# INSTRUCTIONS FOR THE TASK:
Transcribe every entry exactly, with nothing added or left out.

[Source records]
+++

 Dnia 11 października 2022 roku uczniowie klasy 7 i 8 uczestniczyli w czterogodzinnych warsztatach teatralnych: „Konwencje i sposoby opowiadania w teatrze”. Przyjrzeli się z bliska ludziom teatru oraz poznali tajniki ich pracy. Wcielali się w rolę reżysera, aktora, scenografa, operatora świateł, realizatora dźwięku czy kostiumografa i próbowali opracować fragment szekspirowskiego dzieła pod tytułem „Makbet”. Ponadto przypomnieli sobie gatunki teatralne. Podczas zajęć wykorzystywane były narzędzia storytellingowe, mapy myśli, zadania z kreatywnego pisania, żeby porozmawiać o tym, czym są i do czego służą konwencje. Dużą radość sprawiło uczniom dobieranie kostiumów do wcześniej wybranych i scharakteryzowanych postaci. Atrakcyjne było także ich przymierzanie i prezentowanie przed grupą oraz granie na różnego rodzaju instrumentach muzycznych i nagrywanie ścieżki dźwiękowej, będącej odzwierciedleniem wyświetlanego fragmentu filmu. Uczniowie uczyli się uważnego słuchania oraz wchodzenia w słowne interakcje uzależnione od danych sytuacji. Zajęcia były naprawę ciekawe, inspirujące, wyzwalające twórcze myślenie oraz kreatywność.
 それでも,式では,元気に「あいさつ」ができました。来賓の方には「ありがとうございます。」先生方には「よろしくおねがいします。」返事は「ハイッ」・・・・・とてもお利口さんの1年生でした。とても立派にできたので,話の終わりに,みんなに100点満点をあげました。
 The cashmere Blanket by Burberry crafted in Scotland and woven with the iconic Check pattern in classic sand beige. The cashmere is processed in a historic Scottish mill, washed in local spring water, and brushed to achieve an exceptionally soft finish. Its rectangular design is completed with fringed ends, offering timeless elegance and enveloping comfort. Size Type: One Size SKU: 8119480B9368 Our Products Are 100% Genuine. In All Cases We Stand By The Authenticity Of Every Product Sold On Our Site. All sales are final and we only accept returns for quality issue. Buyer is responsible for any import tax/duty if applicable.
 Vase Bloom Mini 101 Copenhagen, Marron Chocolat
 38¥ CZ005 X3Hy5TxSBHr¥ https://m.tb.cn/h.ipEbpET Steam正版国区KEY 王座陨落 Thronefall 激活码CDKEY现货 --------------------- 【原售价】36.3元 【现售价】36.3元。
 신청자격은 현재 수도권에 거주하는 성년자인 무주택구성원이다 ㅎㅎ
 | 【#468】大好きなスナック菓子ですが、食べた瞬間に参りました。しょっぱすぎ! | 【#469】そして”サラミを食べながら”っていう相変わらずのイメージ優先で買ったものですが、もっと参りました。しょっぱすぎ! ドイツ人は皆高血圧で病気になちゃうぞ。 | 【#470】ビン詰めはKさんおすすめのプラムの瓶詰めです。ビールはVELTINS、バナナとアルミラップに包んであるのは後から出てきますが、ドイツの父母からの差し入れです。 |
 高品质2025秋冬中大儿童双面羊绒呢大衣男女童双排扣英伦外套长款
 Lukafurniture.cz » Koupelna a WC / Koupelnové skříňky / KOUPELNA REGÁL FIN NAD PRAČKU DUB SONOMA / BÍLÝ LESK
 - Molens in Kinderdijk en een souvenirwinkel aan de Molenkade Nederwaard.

+++

# EXERCISE ANSWER:
 Dnia 11 października 2022 roku uczniowie klasy 7 i 8 uczestniczyli w czterogodzinnych warsztatach teatralnych: „Konwencje i sposoby opowiadania w teatrze”. Przyjrzeli się z bliska ludziom teatru oraz poznali tajniki ich pracy. Wcielali się w rolę reżysera, aktora, scenografa, operatora świateł, realizatora dźwięku czy kostiumografa i próbowali opracować fragment szekspirowskiego dzieła pod tytułem „Makbet”. Ponadto przypomnieli sobie gatunki teatralne. Podczas zajęć wykorzystywane były narzędzia storytellingowe, mapy myśli, zadania z kreatywnego pisania, żeby porozmawiać o tym, czym są i do czego służą konwencje. Dużą radość sprawiło uczniom dobieranie kostiumów do wcześniej wybranych i scharakteryzowanych postaci. Atrakcyjne było także ich przymierzanie i prezentowanie przed grupą oraz granie na różnego rodzaju instrumentach muzycznych i nagrywanie ścieżki dźwiękowej, będącej odzwierciedleniem wyświetlanego fragmentu filmu. Uczniowie uczyli się uważnego słuchania oraz wchodzenia w słowne interakcje uzależnione od danych sytuacji. Zajęcia były naprawę ciekawe, inspirujące, wyzwalające twórcze myślenie oraz kreatywność.
 それでも,式では,元気に「あいさつ」ができました。来賓の方には「ありがとうございます。」先生方には「よろしくおねがいします。」返事は「ハイッ」・・・・・とてもお利口さんの1年生でした。とても立派にできたので,話の終わりに,みんなに100点満点をあげました。
 The cashmere Blanket by Burberry crafted in Scotland and woven with the iconic Check pattern in classic sand beige. The cashmere is processed in a historic Scottish mill, washed in local spring water, and brushed to achieve an exceptionally soft finish. Its rectangular design is completed with fringed ends, offering timeless elegance and enveloping comfort. Size Type: One Size SKU: 8119480B9368 Our Products Are 100% Genuine. In All Cases We Stand By The Authenticity Of Every Product Sold On Our Site. All sales are final and we only accept returns for quality issue. Buyer is responsible for any import tax/duty if applicable.
 Vase Bloom Mini 101 Copenhagen, Marron Chocolat
 38¥ CZ005 X3Hy5TxSBHr¥ https://m.tb.cn/h.ipEbpET Steam正版国区KEY 王座陨落 Thronefall 激活码CDKEY现货 --------------------- 【原售价】36.3元 【现售价】36.3元。
 신청자격은 현재 수도권에 거주하는 성년자인 무주택구성원이다 ㅎㅎ
 | 【#468】大好きなスナック菓子ですが、食べた瞬間に参りました。しょっぱすぎ! | 【#469】そして”サラミを食べながら”っていう相変わらずのイメージ優先で買ったものですが、もっと参りました。しょっぱすぎ! ドイツ人は皆高血圧で病気になちゃうぞ。 | 【#470】ビン詰めはKさんおすすめのプラムの瓶詰めです。ビールはVELTINS、バナナとアルミラップに包んであるのは後から出てきますが、ドイツの父母からの差し入れです。 |
 高品质2025秋冬中大儿童双面羊绒呢大衣男女童双排扣英伦外套长款
 Lukafurniture.cz » Koupelna a WC / Koupelnové skříňky / KOUPELNA REGÁL FIN NAD PRAČKU DUB SONOMA / BÍLÝ LESK
 - Molens in Kinderdijk en een souvenirwinkel aan de Molenkade Nederwaard.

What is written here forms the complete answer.